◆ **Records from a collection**
────────────────

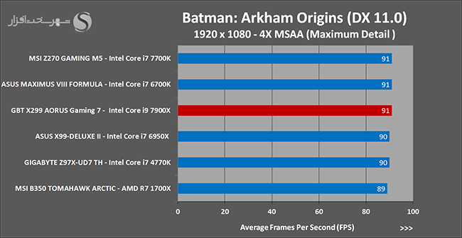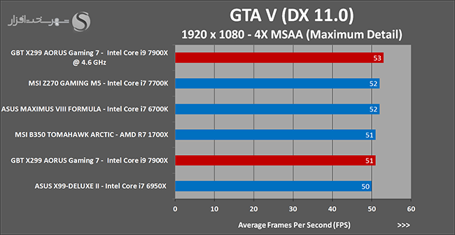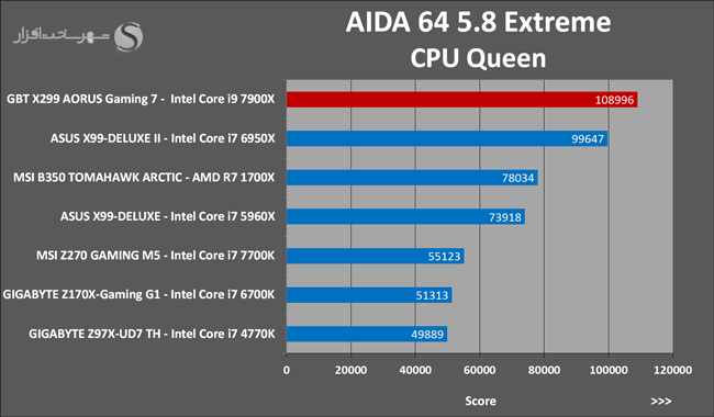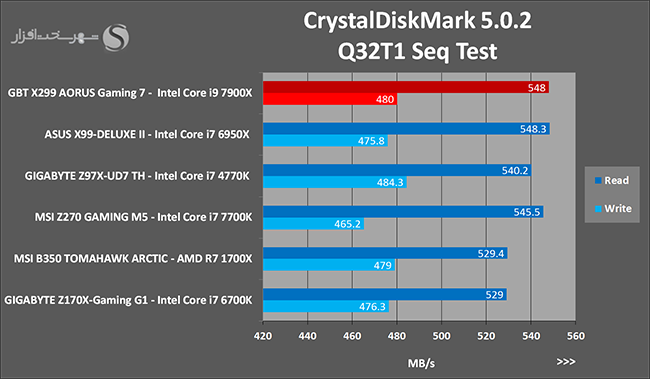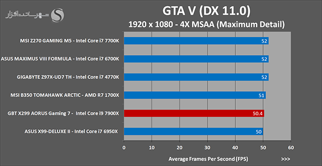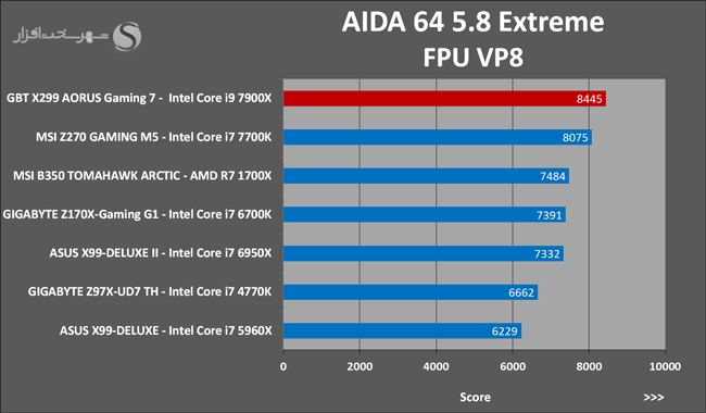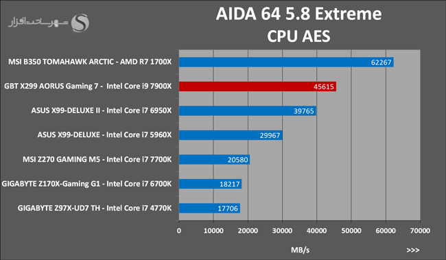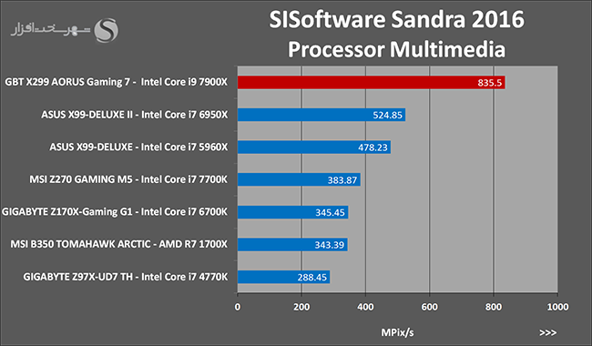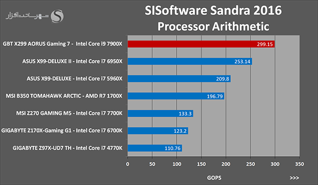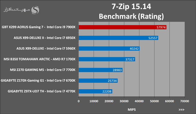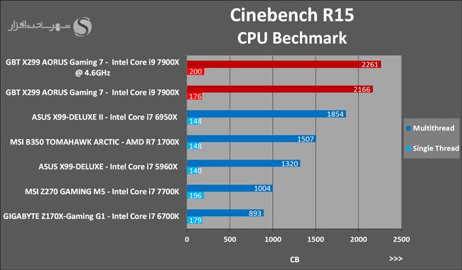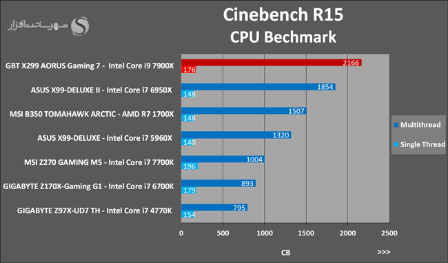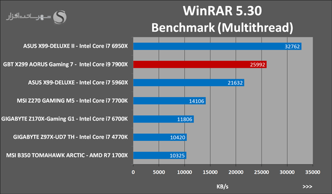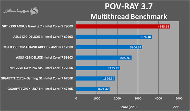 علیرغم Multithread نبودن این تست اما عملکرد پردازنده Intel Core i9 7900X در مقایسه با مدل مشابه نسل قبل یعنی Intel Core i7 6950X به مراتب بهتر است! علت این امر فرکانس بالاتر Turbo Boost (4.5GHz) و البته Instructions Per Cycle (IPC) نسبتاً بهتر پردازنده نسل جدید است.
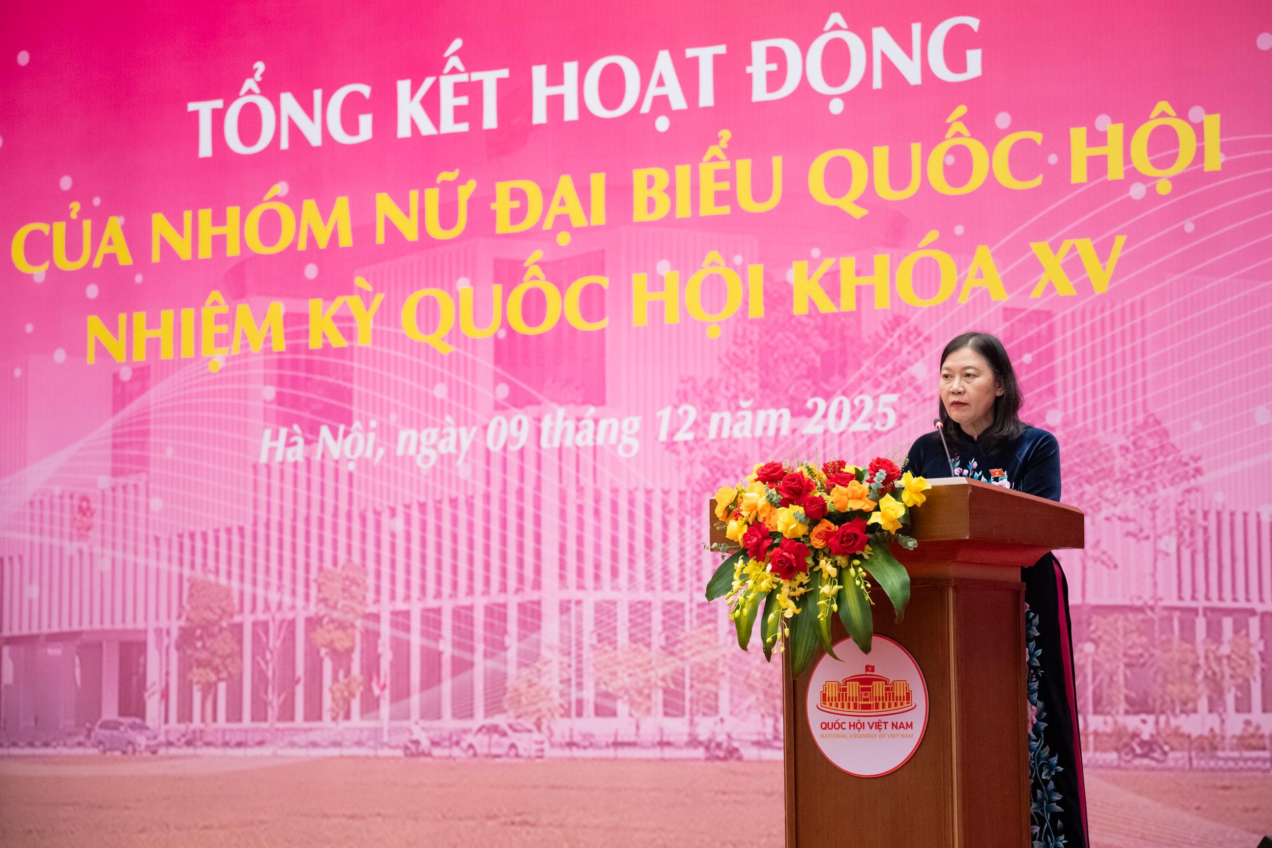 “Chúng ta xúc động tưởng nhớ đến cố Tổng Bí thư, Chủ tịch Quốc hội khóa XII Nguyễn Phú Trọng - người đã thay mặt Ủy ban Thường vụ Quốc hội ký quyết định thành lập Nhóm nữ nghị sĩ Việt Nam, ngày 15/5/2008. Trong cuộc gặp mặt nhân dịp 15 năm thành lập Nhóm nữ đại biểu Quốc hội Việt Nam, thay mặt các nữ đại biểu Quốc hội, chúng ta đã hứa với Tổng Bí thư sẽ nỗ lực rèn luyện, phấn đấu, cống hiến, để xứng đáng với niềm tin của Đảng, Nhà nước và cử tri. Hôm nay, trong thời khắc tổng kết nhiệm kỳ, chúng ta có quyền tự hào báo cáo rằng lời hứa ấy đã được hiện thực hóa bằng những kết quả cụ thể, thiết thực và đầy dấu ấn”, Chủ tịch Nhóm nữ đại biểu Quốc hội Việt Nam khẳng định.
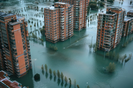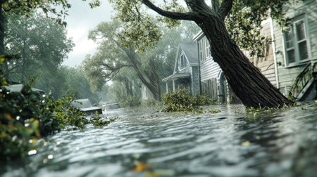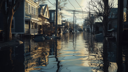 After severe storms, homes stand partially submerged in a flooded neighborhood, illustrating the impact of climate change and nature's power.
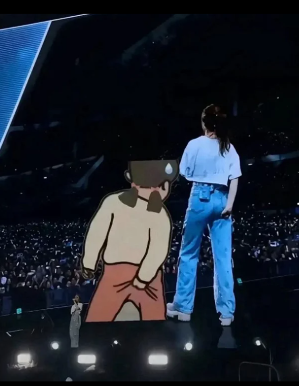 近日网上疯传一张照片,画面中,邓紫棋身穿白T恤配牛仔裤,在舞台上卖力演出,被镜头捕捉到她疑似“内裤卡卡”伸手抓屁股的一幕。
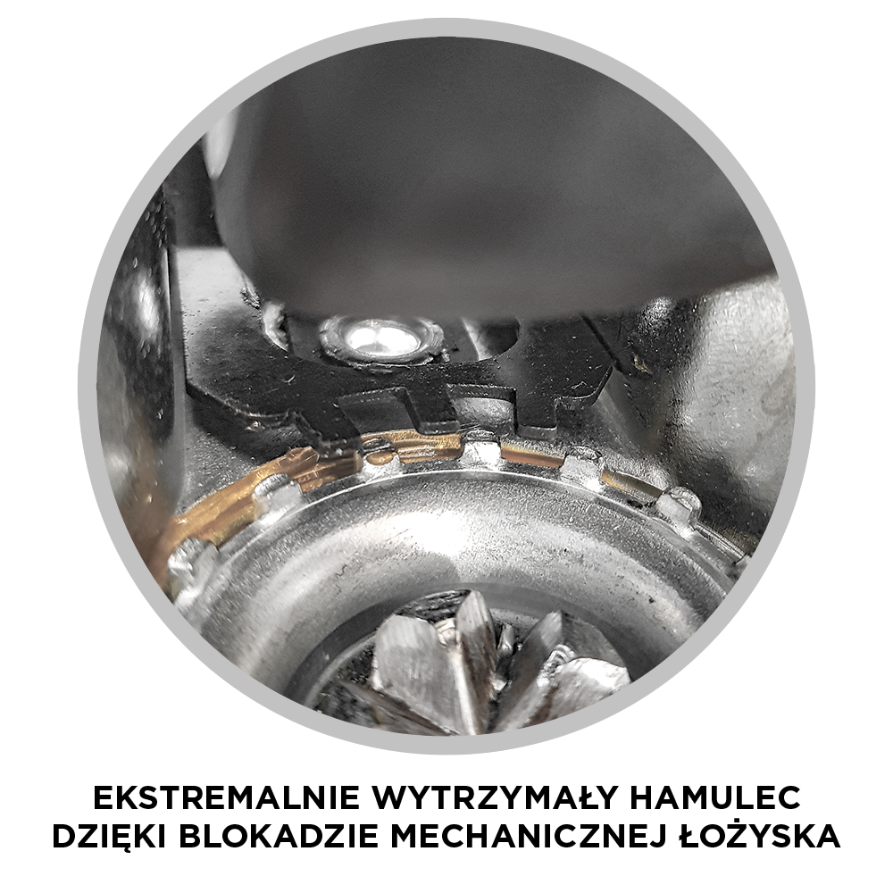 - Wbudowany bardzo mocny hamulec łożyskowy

────────────────

◆ **Task to carry out**
Give the records again exactly, minus the pictures.

◆ **Result**
 علیرغم Multithread نبودن این تست اما عملکرد پردازنده Intel Core i9 7900X در مقایسه با مدل مشابه نسل قبل یعنی Intel Core i7 6950X به مراتب بهتر است! علت این امر فرکانس بالاتر Turbo Boost (4.5GHz) و البته Instructions Per Cycle (IPC) نسبتاً بهتر پردازنده نسل جدید است.
 “Chúng ta xúc động tưởng nhớ đến cố Tổng Bí thư, Chủ tịch Quốc hội khóa XII Nguyễn Phú Trọng - người đã thay mặt Ủy ban Thường vụ Quốc hội ký quyết định thành lập Nhóm nữ nghị sĩ Việt Nam, ngày 15/5/2008. Trong cuộc gặp mặt nhân dịp 15 năm thành lập Nhóm nữ đại biểu Quốc hội Việt Nam, thay mặt các nữ đại biểu Quốc hội, chúng ta đã hứa với Tổng Bí thư sẽ nỗ lực rèn luyện, phấn đấu, cống hiến, để xứng đáng với niềm tin của Đảng, Nhà nước và cử tri. Hôm nay, trong thời khắc tổng kết nhiệm kỳ, chúng ta có quyền tự hào báo cáo rằng lời hứa ấy đã được hiện thực hóa bằng những kết quả cụ thể, thiết thực và đầy dấu ấn”, Chủ tịch Nhóm nữ đại biểu Quốc hội Việt Nam khẳng định.
 After severe storms, homes stand partially submerged in a flooded neighborhood, illustrating the impact of climate change and nature's power.
 近日网上疯传一张照片,画面中,邓紫棋身穿白T恤配牛仔裤,在舞台上卖力演出,被镜头捕捉到她疑似“内裤卡卡”伸手抓屁股的一幕。
 - Wbudowany bardzo mocny hamulec łożyskowy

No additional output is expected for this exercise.